Understanding Radioactive Decay and Half-Life

Aug 14, 2024

Lecture on Radioactive Decay and Half-Life

Introduction to Radioactive Decay

  • Atoms and isotopes can experience radioactive decay, turning into other atoms or releasing particles.
  • Types of decay include:
    • Beta decay: Electrons are released, turning neutrons into protons.
    • Positron emission: Protons are turned into neutrons.

Understanding Moles and Atomic Mass

  • Moles: A mole of carbon-12 weighs 12 grams and contains $6.02 \times 10^{23}$ atoms.
  • This is a huge number, illustrating the large amount of atoms even in small masses.

Probability of Decay

  • At any moment, isotopes have a probability of decaying, but the exact timing is unknown.
  • Decay is probabilistic due to the unknown state of the nucleus.
  • On a macro level, terms like "half-life" help understand decay over large numbers of atoms.

Concept of Half-Life

  • Half-Life: Time it takes for half of a sample of a radioactive isotope to decay.
  • Example: Carbon-14 decays to nitrogen-14 with a half-life of 5,740 years.
  • After one half-life, half of the atoms have decayed, but it's probabilistic which atoms decay.

Example with Carbon-14

  • Initial state: Start with 10 grams of carbon-14.
  • After one half-life (5,740 years):
    • 5 grams of C-14 remain, 5 grams decay to N-14.
  • After two half-lives:
    • 2.5 grams of C-14 remain, 7.5 grams of N-14.

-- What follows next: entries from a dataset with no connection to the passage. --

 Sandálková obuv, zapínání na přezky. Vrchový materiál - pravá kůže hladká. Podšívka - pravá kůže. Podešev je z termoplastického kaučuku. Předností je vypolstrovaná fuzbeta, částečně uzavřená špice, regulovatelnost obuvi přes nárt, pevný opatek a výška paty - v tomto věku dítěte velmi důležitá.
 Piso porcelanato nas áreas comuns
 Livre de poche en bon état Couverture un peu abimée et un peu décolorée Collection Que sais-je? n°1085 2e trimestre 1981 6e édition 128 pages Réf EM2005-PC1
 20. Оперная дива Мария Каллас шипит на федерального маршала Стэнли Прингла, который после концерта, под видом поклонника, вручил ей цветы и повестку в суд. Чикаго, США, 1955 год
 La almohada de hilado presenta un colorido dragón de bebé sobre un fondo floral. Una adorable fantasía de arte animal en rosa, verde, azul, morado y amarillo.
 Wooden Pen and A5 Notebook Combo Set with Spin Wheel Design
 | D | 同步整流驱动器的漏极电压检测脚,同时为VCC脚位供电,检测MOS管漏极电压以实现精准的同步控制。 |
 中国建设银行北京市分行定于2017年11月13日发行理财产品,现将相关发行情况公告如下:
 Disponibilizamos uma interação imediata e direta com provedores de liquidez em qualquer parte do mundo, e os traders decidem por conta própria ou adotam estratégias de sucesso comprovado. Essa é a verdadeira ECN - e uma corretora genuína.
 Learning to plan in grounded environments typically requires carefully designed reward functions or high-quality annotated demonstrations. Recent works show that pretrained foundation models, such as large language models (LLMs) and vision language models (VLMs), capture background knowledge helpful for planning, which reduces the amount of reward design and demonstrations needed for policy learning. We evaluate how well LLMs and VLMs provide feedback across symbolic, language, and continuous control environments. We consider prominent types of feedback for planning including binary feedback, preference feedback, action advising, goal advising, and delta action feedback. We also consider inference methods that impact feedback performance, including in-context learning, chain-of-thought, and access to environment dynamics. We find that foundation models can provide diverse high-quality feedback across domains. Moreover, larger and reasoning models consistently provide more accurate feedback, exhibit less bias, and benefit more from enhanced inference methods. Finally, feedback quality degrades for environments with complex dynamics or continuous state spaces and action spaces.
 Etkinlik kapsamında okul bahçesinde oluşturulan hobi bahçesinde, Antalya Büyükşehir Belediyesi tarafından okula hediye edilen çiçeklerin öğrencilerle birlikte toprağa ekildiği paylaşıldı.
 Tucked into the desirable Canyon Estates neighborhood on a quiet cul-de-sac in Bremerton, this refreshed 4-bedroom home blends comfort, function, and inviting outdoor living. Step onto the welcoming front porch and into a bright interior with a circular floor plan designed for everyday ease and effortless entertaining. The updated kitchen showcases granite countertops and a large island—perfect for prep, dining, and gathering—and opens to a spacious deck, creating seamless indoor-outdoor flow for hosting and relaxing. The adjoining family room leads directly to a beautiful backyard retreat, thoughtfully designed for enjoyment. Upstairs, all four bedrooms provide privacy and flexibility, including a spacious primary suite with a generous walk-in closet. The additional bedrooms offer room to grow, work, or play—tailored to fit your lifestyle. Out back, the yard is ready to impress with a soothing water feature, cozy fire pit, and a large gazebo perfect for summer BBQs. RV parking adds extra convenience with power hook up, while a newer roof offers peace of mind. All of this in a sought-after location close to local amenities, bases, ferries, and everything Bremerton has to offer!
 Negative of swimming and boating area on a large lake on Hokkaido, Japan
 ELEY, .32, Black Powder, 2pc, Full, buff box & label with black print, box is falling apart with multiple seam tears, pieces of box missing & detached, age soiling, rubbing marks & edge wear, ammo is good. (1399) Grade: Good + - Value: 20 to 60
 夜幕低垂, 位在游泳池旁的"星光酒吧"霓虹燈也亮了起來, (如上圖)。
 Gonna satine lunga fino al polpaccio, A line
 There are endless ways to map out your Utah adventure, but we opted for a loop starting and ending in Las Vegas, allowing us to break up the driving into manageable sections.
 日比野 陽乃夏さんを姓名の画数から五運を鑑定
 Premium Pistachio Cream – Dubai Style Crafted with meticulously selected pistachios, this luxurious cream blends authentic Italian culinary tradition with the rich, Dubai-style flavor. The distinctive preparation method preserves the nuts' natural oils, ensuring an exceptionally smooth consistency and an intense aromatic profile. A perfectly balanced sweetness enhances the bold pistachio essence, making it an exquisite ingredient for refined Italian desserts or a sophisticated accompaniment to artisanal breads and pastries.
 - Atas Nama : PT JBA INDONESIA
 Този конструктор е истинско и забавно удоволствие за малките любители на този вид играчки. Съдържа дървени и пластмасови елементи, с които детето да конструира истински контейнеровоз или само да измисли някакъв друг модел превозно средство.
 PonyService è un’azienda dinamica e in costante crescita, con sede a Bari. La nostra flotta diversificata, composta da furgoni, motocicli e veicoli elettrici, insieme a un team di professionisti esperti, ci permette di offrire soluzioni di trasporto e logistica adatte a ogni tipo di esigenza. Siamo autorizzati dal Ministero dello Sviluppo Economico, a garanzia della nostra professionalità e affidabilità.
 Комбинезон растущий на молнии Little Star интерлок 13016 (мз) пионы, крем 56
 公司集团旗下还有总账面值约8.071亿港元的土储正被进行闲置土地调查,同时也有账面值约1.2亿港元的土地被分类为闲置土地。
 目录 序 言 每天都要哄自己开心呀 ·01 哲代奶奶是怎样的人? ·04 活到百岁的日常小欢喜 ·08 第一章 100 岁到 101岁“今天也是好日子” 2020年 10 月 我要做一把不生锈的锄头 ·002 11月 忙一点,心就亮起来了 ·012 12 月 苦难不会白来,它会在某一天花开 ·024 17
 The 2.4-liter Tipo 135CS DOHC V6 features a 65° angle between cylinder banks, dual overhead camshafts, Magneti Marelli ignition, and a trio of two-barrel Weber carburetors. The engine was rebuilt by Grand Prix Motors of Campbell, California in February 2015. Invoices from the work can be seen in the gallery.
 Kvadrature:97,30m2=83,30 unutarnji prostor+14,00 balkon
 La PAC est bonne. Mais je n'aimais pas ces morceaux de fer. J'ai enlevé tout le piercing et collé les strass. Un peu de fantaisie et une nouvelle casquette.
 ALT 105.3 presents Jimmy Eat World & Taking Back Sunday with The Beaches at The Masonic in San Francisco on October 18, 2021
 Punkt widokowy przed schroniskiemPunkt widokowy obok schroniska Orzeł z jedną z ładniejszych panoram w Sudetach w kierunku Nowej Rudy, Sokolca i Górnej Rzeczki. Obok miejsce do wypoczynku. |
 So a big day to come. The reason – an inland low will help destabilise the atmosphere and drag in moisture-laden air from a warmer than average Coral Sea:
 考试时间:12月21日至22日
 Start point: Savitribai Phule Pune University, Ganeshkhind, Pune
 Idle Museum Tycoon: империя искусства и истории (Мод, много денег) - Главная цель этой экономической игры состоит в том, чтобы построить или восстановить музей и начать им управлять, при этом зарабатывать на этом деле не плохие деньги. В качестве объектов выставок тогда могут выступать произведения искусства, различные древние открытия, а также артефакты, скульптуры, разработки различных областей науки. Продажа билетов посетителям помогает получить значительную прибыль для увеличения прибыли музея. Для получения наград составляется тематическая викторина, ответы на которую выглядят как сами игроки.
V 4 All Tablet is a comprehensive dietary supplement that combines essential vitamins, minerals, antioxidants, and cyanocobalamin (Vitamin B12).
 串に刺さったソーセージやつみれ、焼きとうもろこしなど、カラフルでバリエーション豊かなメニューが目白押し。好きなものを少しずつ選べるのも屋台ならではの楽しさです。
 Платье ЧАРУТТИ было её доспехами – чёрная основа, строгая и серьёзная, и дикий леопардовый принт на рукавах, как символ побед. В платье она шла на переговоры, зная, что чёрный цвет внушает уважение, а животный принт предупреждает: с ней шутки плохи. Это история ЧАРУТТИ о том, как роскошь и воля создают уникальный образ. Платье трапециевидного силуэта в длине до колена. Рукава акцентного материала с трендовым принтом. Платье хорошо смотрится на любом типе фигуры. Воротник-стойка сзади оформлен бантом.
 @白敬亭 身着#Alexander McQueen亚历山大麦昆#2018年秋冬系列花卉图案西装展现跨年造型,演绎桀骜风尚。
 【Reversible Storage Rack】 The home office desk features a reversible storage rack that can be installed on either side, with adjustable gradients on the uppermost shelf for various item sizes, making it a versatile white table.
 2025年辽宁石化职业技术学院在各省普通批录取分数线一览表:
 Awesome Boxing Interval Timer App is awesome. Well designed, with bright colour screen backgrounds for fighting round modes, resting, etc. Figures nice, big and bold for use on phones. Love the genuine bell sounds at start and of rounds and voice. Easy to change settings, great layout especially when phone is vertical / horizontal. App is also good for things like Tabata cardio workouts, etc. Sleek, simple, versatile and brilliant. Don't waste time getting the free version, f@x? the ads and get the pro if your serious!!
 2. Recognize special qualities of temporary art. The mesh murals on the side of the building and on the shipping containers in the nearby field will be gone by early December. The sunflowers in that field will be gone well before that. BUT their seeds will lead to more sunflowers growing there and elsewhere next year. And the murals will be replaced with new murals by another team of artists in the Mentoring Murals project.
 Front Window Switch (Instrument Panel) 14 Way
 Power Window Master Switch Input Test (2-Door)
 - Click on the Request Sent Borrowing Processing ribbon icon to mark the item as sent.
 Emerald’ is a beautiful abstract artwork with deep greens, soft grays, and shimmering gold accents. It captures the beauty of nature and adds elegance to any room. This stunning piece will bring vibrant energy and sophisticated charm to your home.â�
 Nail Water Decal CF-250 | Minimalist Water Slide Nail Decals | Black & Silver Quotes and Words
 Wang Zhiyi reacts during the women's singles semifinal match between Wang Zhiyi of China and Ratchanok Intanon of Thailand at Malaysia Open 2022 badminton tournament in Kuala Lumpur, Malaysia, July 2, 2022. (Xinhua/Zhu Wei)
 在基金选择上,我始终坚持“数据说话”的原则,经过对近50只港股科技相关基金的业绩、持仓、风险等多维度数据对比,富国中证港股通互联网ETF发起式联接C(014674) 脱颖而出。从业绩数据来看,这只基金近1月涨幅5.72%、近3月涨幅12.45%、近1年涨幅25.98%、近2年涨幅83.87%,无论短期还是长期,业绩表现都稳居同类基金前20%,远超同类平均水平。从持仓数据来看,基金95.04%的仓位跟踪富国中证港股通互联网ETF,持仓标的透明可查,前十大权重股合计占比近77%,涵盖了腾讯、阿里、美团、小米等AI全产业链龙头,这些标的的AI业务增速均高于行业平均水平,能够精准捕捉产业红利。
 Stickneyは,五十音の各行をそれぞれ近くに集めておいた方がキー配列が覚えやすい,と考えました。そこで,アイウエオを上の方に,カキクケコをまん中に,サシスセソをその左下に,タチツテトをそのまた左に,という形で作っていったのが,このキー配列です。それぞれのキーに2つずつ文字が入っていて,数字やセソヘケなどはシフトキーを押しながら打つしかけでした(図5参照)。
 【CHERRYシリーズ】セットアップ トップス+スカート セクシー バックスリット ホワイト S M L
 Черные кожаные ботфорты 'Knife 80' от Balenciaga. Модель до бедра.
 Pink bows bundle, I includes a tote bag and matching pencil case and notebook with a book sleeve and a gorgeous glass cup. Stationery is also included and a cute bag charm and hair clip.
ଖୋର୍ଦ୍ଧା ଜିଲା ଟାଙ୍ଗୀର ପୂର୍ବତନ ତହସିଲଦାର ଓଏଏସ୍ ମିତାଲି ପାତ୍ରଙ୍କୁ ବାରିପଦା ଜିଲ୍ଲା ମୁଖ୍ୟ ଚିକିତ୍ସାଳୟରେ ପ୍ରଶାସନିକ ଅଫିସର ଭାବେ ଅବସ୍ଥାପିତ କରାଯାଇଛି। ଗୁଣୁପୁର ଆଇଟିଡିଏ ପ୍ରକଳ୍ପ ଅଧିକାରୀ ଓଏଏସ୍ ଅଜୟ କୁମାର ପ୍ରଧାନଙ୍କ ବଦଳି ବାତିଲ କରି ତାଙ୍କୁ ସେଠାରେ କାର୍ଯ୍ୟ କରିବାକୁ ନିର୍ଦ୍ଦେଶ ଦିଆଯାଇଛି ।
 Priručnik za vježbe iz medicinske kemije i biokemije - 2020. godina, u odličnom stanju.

Understanding Decay on a Micro Level

  • For a single carbon atom, decay probability over time varies:
    • After 1 second: Likely still carbon.
    • After 1 billion years: Likely decayed to nitrogen-14, but not guaranteed.

Calculating Time Passed Based on Remaining Sample

  • Example:
    • Start with 80 grams of a substance with a 2-year half-life.
    • After 2 years: 40 grams left.
    • After 4 years: 20 grams left.
    • After 6 years: 10 grams left.
    • Three half-lives have passed to get from 80 grams to 10 grams.

Key Formula

  • Use $\frac{1}{2}^{n}$ to determine remaining fraction of sample after n half-lives.
  • Example: After three half-lives, 1/8 of the original sample remains.

Conclusion

  • Understanding half-life helps predict decay in large samples, but individual atom decay remains probabilistic.

Note: Future lectures might address how to calculate decay for non-discrete times, such as exactly 10 days or 2.5 years.